I'd expect things might be a tiny bit looser with precisions if something small like stop words were removed. Though, it'd be interesting to do the opposite. If you were only measuring stopwords, would that show a unique cadence?
tablespoon is close, but has a missing top 50 mutual (mikeash). In some ways, this is an artefact of the "20, 30, 50, 100" scale. Is there a way to describe the degree to which a user has this "I'm a relatively closer neighbour to them than they are to me" property? Can we make the metric space smaller (e.g. reduce the number of Euclidean dimensions) while preserving this property for the points that have it?
Also note that vector similarity is not reciprocal, one thing can have a top scoring item, but such item may have much more items nearer, like in the 2D space when you have a cluster of points and a point nearby but a bit far apart.
Unfortunately I don't think this technique works very well for actual duplicated accounts discovery because often times people post just a few comments in fake accounts. So there is not enough data, if not for the exception where one consistently uses another account to cover their identity.
EDIT: at the end of the post I added the visual representations of pg and montrose.
I worked on a search engine for patents that used the first, our evaluations showed it was much better than other patent search engines and we had no trouble selling it because customers could feel the difference in demos.
I tried dimensional reduction on the BERT vectors and in all cases I tried I found this made relevance worse. (BERT has learned a lot already which is being thrown away, there isn't more to learn from my particular documents)
I don't think either of these helps with the "finding articles authored by the same person" because one assumes the same person always uses the same words whereas documents about the topic use synonyms that will be turned up by (1) and (2). There is a big literature on the topic of determining authorship based on style
https://en.wikipedia.org/wiki/Stylometry
[1] With https://sbert.net/ this is so easy.
Edit: ChatGTP, my bad
not very useful for more newer users like me :/
https://antirez.com/hnstyle?username=gfd&threshold=20&action...
zawerf (Similarity: 0.7379)
ghj (Similarity: 0.7207)
fyp (Similarity: 0.7197)
uyt (Similarity: 0.7052)
I typically abandon an account once I reach 500 karma since it unlocks the ability to downvote. I'm now very self conscious about the words I overuse...
I suspect, antirez, that you may have greater success removing some of the most common English words in order to find truly suspicious correlations in the data.

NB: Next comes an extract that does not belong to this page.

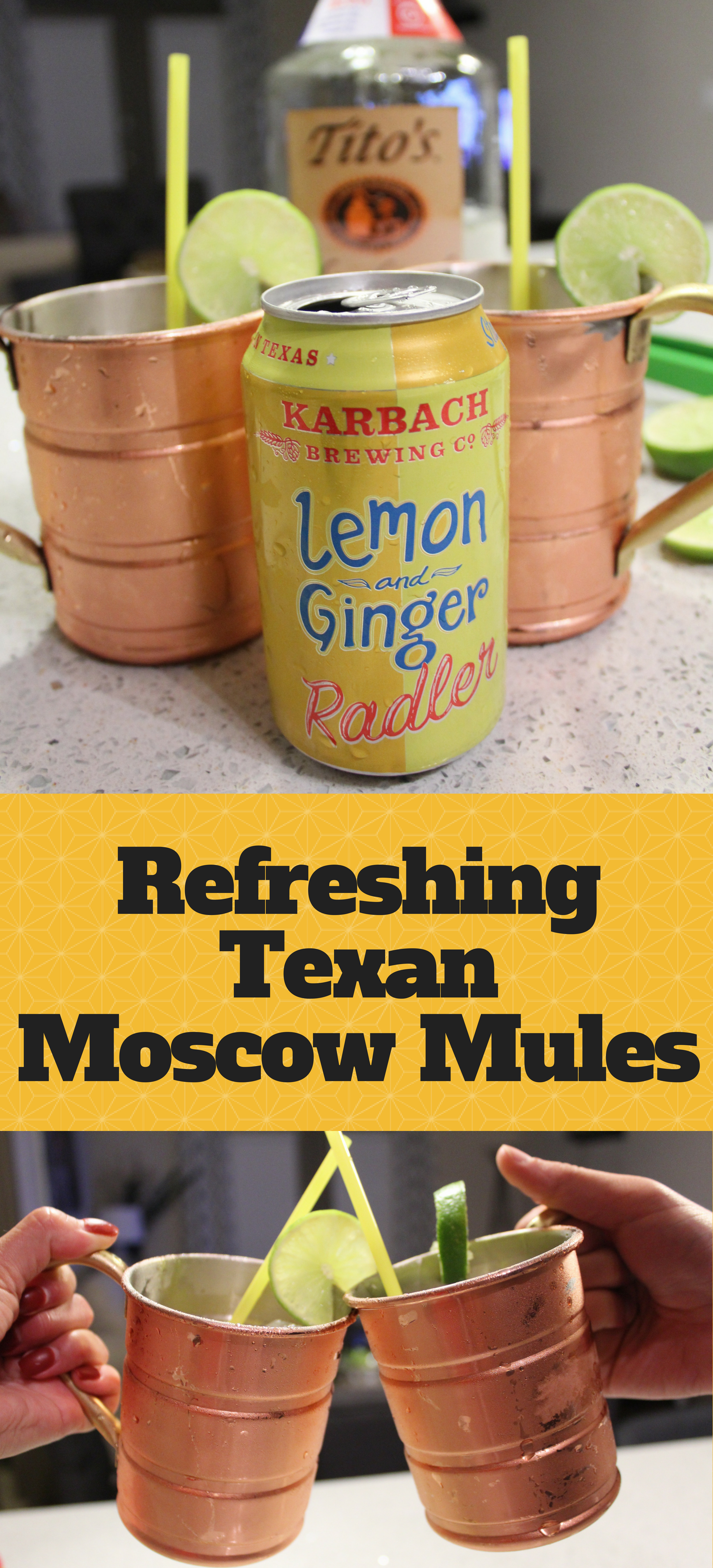 Karbach released their Lemon Ginger Radler this year and I have been hooked ever since! This Texas girl loves Texas things, and there’s no exception when it comes to my weekend adult beverages! My Moscow Mules are refreshing and perfect for summer, so grab a couple copper mugs and let’s get to stirring!

cocktailpeanuts and I for example, mutually share some words like:
because, people, you're, don't, they're, software, that, but, you, want
Unfortunately, this is a forum where people will use words like "because, people, and software."

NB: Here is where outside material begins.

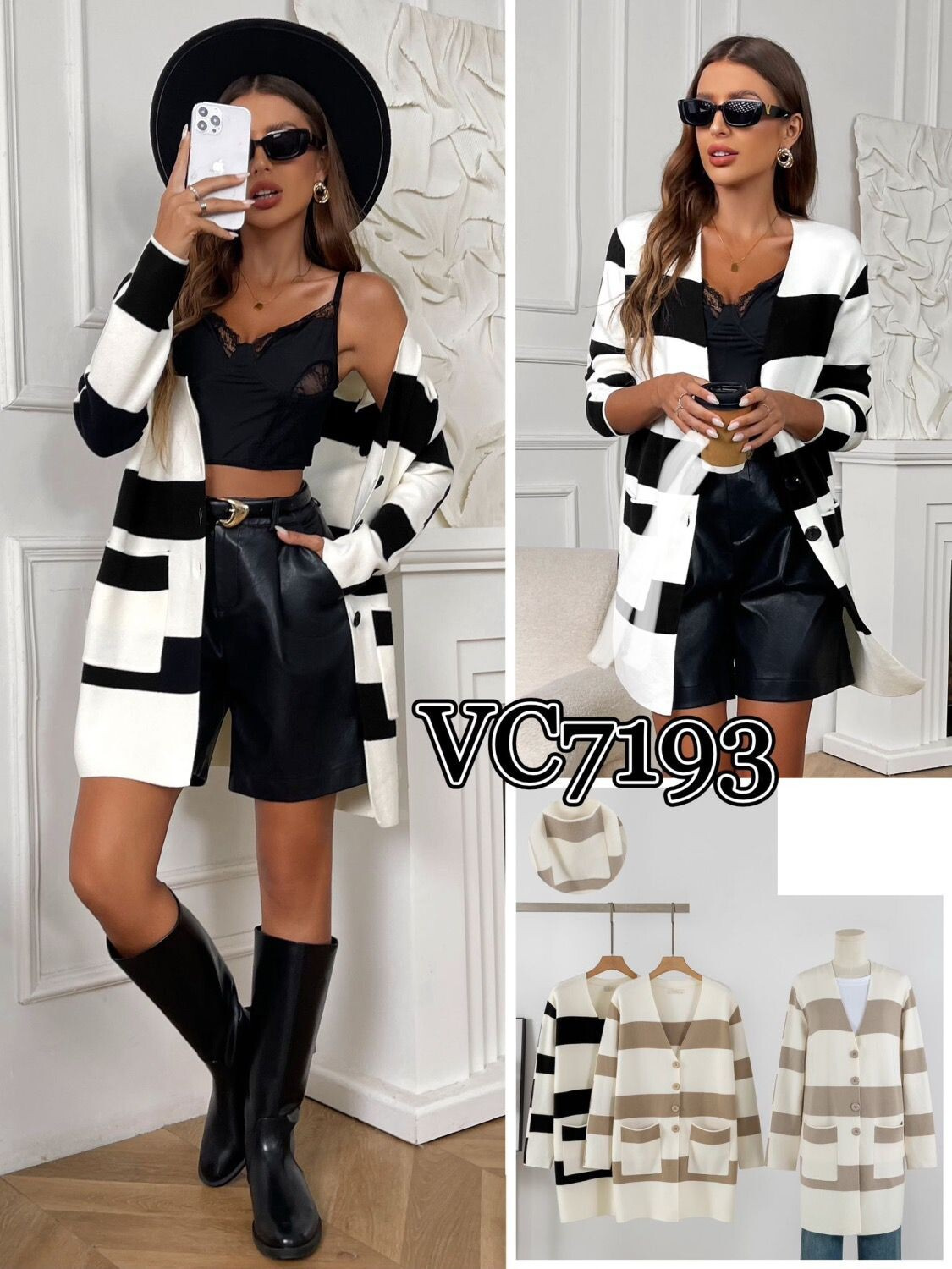 Prodloužený svetr propínací VC7193 Itálie

Because, well, people here talk about software.
<=^)
Edit: Neat work, nonetheless.
Yes, that's good! I didn't state my interest clearly, though. I'd like to see the "analyze" result with the stop words excluded, not for the style comparison part, but for the reasons you state and others.
The usage frequency of simple words is a powerful tell.
There are so many people that write like me apparently, that simple language seems more like a way to mask yourself in a crowd.